EDA : Features and outcomes analysis

Run simple EDA with this command and you will get:

basic information about dataset datatypes
missing values count
correlation matrix
outcomes distribution

python -m deepehrgraph.main eda

Correlation Matrix

Here are the 25 top correlated features:

| Variable1        | Variable2        | Correlation |
|------------------|------------------|-------------|
| cci_Renal        | eci_Renal        | 1.000000    |
| cci_Rheumatic    | eci_Rheumatic    | 1.000000    |
| n_ed_365d        | n_icu_365d       | 1.000000    |
| cci_Cancer2      | eci_Tumor2       | 1.000000    |
| cci_Paralysis    | eci_Paralysis    | 1.000000    |
| n_ed_30d         | n_icu_30d        | 1.000000    |
| cci_PUD          | eci_PUD          | 1.000000    |
| n_ed_90d         | n_icu_90d        | 1.000000    |
| cci_Pulmonary    | eci_Pulmonary    | 1.000000    |
| cci_CHF          | eci_CHF          | 1.000000    |
| cci_Dementia     | cci_Paralysis    | 1.000000    |
| cci_PVD          | eci_PVD          | 1.000000    |
| cci_Dementia     | eci_Paralysis    | 1.000000    |
| cci_DM1          | eci_DM2          | 0.971825    |
| cci_Cancer1      | eci_Tumor1       | 0.949788    |
| cci_DM2          | eci_DM1          | 0.931891    |
| n_icu_90d        | n_icu_365d       | 0.927516    |
| n_ed_90d         | n_icu_365d       | 0.927516    |
| n_ed_365d        | n_icu_90d        | 0.927516    |
| n_ed_90d         | n_ed_365d        | 0.927516    |
| cci_Liver1       | eci_Liver        | 0.875261    |
| eci_HTN1         | eci_Renal        | 0.815725    |
| cci_Renal        | eci_HTN1         | 0.815725    |
| n_hosp_30d       | n_hosp_90d       | 0.807012    |
| n_ed_30d         | n_ed_90d         | 0.795026    |

Some features are highly correlated which could lead to poor model performance:

instability that make difficult to interpret the individual impact of each variable on the target.
model instability, increased sensitivity to small changes in the data
overfitting

We will try to address this situation by using features selection technique.

Outcomes Repartition

Based on these first results we will try to predict the following outcome: in-hospital mortality. Note that we are facing an outcome class imbalance problem which can result in poor results while trying to predict this outcome, we will need to add a pre-processing for that on the traning set.

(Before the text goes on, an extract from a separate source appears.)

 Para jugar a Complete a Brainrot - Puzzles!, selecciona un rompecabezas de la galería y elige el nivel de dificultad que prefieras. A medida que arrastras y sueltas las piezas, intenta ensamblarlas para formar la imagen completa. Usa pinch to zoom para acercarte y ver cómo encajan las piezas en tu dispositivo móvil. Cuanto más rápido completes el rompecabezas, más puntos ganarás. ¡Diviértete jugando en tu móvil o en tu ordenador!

PCA for Collinear Feature Reduction

This command will run the features selection code:

display cumulative explained variance
display correlation matrix of the PCA result features
return number of features to keep

python -m deepehrgraph.main feat_select

Overview

Principal Component Analysis (PCA) is a technique for reducing the dimensionality of your dataset while retaining most of its original information. It's particularly useful for handling collinear features and improving model performance.

Understanding Cumulative Variance

Explained Variance Ratio:
- Each principal component explains a certain proportion of the total variance. The cumulative explained variance is the sum of these individual variances, representing the overall information retained.
Choosing Components:
- Decide on the number of components based on the desired cumulative explained variance (e.g., 95%). This choice balances dimensionality reduction with information preservation.

Cumulative Explained Variance

Expectations for Final Correlation Matrix

Correlation Among Features:
- The final correlation matrix of the PCA result features ideally shows reduced correlations between features. Principal components are designed to be orthogonal, minimizing multicollinearity.
Near-Zero Correlations:
- Aim for near-zero correlations in the PCA result features, indicating that each component captures unique information.

Correlation Matrix PCA

37 features will be selected for training the model. This number is based on the cumulative explained variance of 95%.

Model architecture

The BinaryClassificationModel is a simple neural network designed for binary classification tasks. It utilizes the PyTorch framework for building and training neural networks.

Initialization

The model is initialized with the following parameters:

input_size: Number of features in the input data.
hidden_size: Number of neurons in the hidden layer.
output_size: Number of neurons in the output layer (typically 1 for binary classification).

Layers

Layer 1 (self.layer1):
- Type: Linear (Fully Connected) Layer
- Input: input_size
- Output: hidden_size
- Activation Function: None (linear transformation)
ReLU Activation (self.relu):
- Type: Rectified Linear Unit (ReLU)
- Activation Function: ReLU
- Introduces non-linearity to the model.
Layer 2 (self.layer2):
- Type: Linear Layer
- Input: hidden_size
- Output: output_size
- Activation Function: None (linear transformation)
Sigmoid Activation (self.sigmoid):
- Type: Sigmoid Activation
- Activation Function: Sigmoid
- Converts the output to a probability between 0 and 1, suitable for binary classification.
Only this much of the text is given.